### DATA TO PROCESS
========================

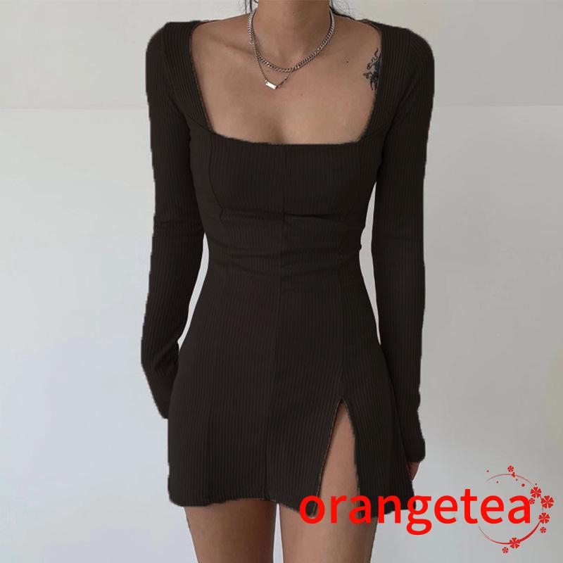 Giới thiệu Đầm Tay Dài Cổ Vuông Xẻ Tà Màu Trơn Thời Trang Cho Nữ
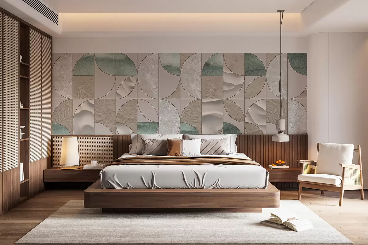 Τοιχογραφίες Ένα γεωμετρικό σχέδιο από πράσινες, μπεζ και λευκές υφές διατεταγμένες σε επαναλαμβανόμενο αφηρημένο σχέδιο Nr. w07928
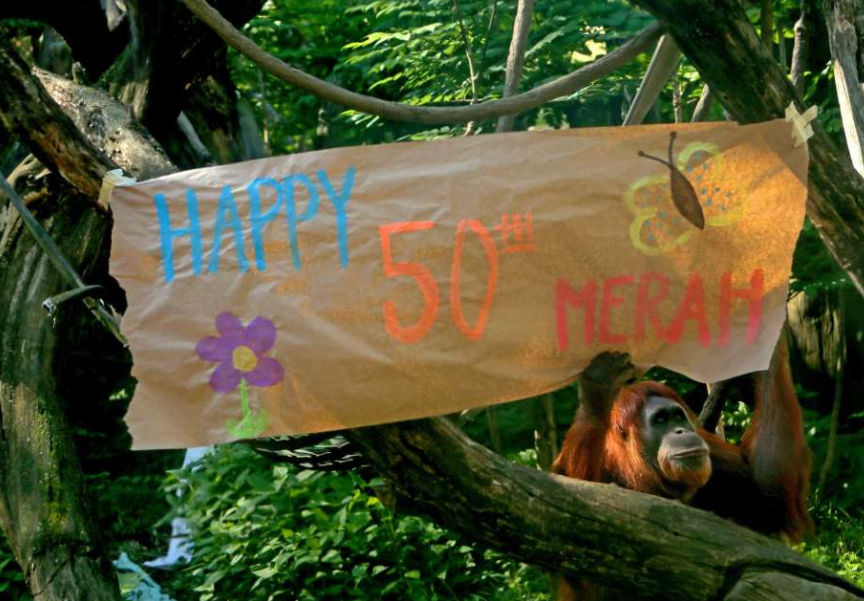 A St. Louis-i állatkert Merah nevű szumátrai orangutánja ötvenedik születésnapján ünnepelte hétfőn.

========================

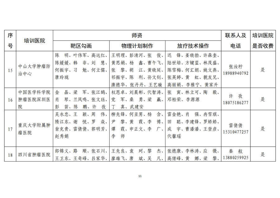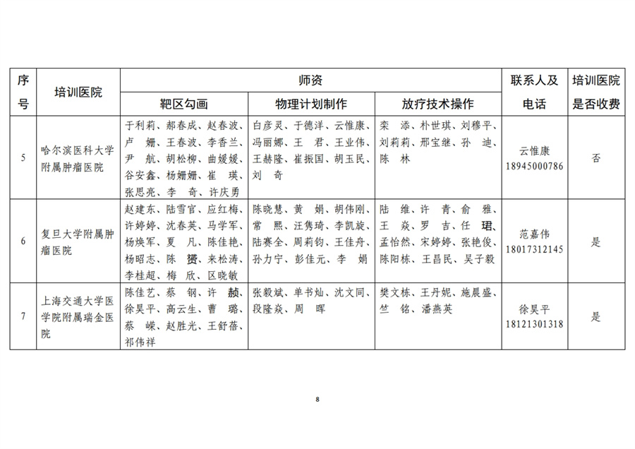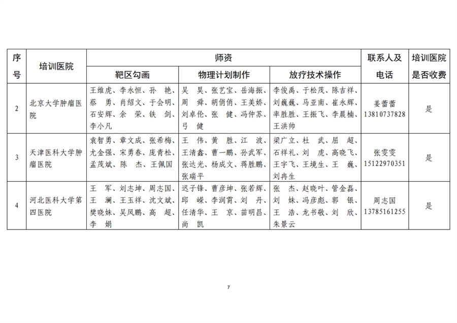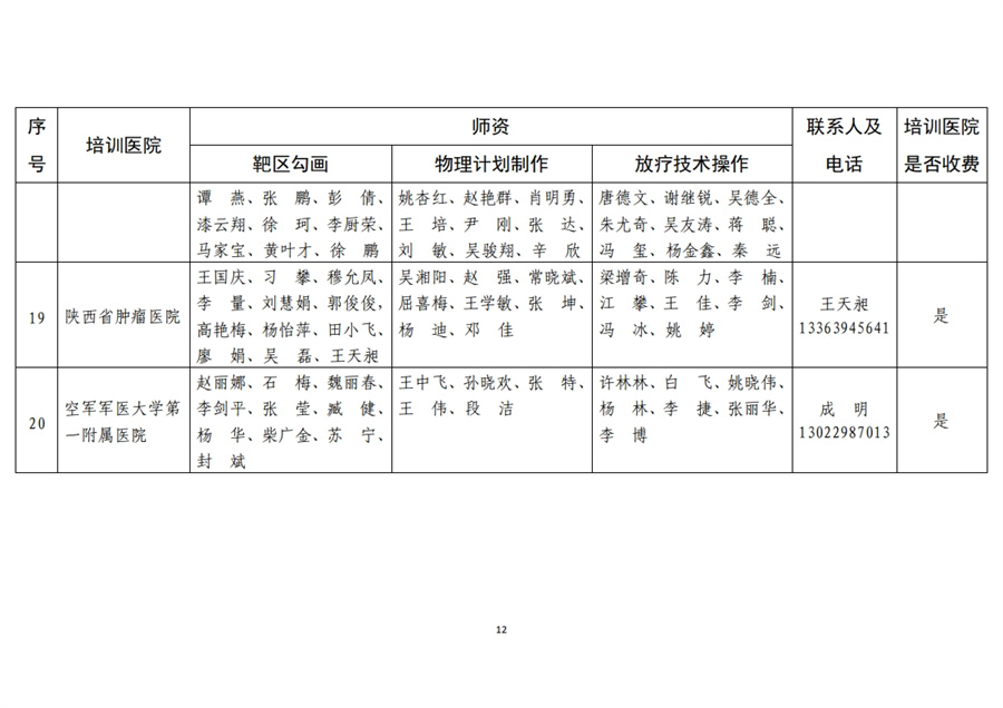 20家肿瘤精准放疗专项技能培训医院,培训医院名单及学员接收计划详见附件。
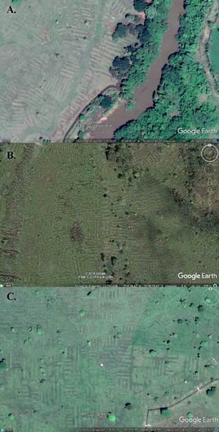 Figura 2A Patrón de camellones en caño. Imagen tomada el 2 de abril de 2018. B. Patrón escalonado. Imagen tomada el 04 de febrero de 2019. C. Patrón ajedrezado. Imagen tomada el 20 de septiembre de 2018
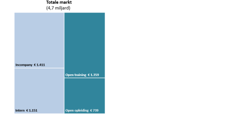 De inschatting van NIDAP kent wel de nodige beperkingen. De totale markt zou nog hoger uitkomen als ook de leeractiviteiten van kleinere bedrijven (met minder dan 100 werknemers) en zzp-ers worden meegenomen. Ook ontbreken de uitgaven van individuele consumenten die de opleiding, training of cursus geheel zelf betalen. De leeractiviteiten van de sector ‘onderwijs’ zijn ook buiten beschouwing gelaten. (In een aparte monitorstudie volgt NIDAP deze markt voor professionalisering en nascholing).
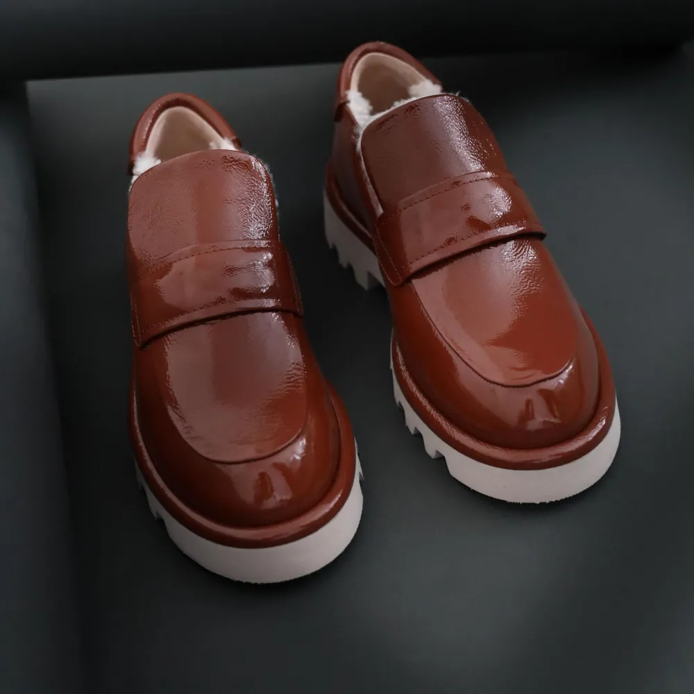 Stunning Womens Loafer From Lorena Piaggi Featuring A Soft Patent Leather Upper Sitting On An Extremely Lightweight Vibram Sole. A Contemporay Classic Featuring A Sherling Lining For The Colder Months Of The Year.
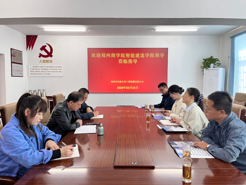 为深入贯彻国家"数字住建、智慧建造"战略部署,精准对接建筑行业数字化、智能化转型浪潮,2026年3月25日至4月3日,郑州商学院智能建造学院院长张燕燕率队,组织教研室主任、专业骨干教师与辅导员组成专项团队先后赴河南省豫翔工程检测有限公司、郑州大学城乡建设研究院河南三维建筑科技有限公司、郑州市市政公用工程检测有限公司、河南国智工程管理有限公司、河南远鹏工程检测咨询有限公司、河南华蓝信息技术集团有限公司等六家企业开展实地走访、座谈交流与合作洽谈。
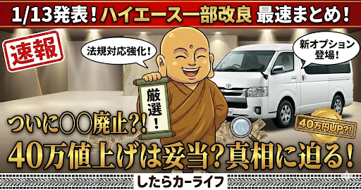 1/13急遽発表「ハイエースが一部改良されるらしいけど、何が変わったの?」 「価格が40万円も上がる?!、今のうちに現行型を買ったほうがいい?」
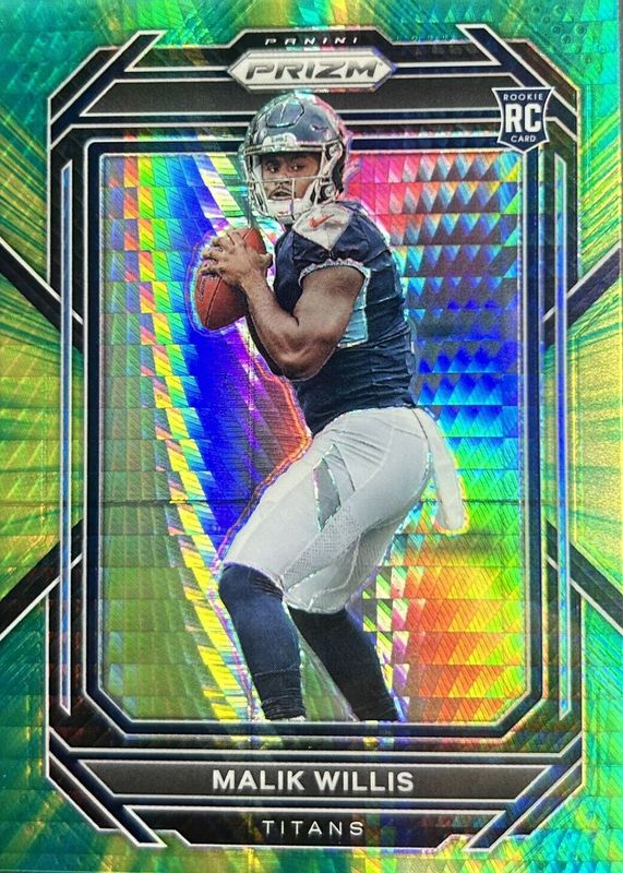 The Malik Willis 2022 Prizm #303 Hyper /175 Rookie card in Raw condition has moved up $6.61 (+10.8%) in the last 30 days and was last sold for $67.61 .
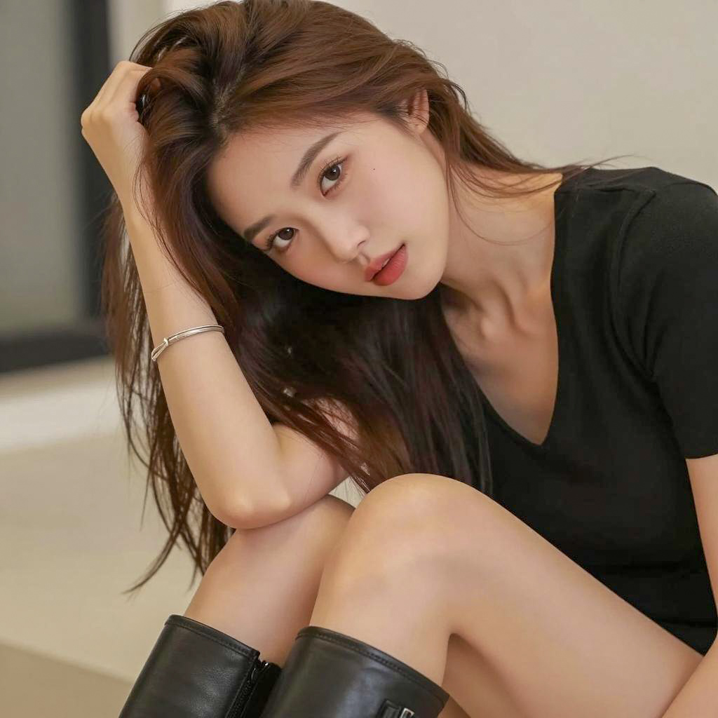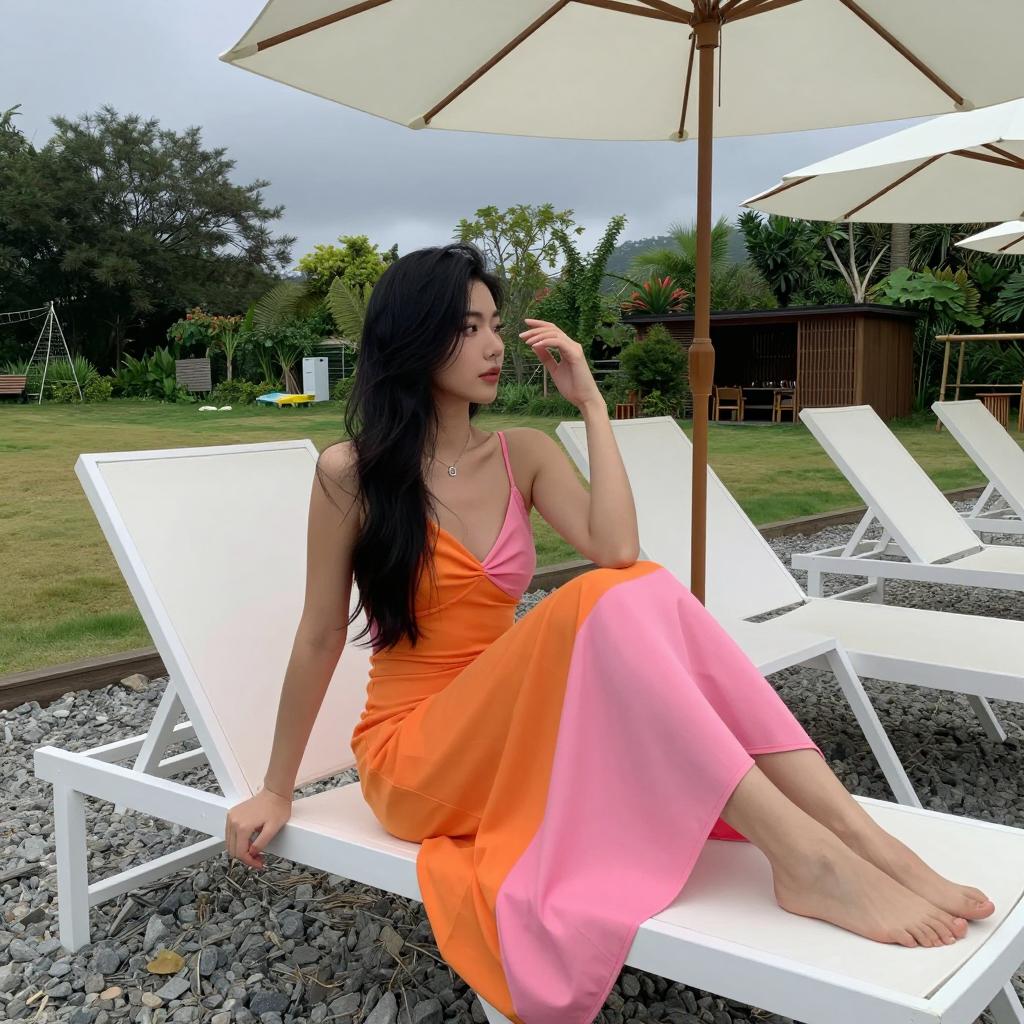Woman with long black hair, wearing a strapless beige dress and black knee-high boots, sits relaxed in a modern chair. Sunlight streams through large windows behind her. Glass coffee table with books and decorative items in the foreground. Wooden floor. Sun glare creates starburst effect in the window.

========================

Return only the stretch above from the line containing "20家肿瘤精准放疗专项技能培训医院,培训医院名单及学员接收计划详见附件。" through the line containing "Figura 2A Patrón", word for word and without pictures.

### RESPONSE AREA
 20家肿瘤精准放疗专项技能培训医院,培训医院名单及学员接收计划详见附件。
 Figura 2A Patrón de camellones en caño. Imagen tomada el 2 de abril de 2018. B. Patrón escalonado. Imagen tomada el 04 de febrero de 2019. C. Patrón ajedrezado. Imagen tomada el 20 de septiembre de 2018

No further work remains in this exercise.